Taiwanese mahjong is unlike all the rest in that it wants five melds and a pair for you to win. You start with sixteen tiles, so sometimes this is called "sixteen-tile Taiwanese mahjong".
The next three digits of π is 323, but it turns out that with a little bit of reshuffling you can make the requisite winning pattern:
🀙🀚🀛 🀙🀚🀛 🀛🀜🀝 🀝🀝 🀞🀟🀠 🀡🀡🀡
(But be aware that in some places, this will be displayed with no spaces and in sorted order, so it looks like this: 🀙🀙🀚🀚🀛🀛🀛🀜🀝🀝🀝🀞🀟🀠🀡🀡🀡. As order does not matter, this is the same hand.)
How many random collections of 14 ~ 18 digits can you make that are also winning hands? Notice that four identical tiles count as a single meld, so the number of tiles in a winning hand can actually vary. But remember there are only four copies of each tile.
If we include the Taiwanese game into our search space, the number of digits to span over go from 14 ~ 18 to 14 ~ 22. How many of those are winning hands?
You may have noticed that 0 is not included in the number tiles. The game never had tiles with rank 0, just like how playing cards don't have rank 0.
The Americans have our back here. Their winning hands sometimes include weird stuff that need zeros, and when they do they use the "soap" tile, 🀆, to represent the digit. It is properly called "the white dragon" because the actual tile is blank (though in most parts of the world the tile is actually a picture of a blank tile, not a blank tile, because of historical reasons) and so white (as the material of the tile is white), but the Americans call it "soap" because look at it.

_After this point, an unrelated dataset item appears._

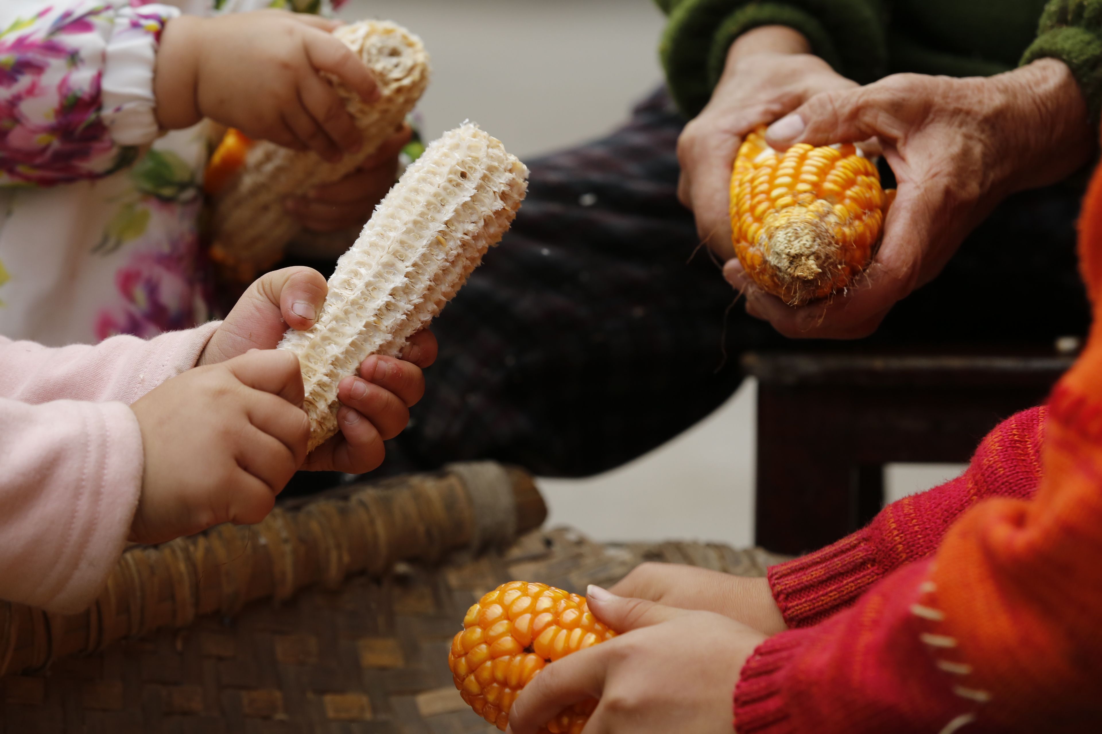 苗族老年人與兒童剝玉米2

(There is nothing particularly "dragon"-y about the tile; in Chinese it's not called a dragon, and this is a translation artefact from some entirely too excitable Euro-Americans when translating the game.)
But let's not go too wild. Although it looks like a 0, the white dragon is not a zero and therefore cannot form a sequence of tiles. The formal reason is because the white dragon does not have a rank and so its rank cannot be adjacent to anything. But it can form a triplet of identical tiles, 🀆🀆🀆, and all four can be collected into a single meld, 🀆🀆🀆🀆.
With this additional constraint, how many more sequences of digits of the right length can be winning tiles?
It's possible to make an exhaustive search or even just enumerate all the possible winning hands but I can't be bothered to right now.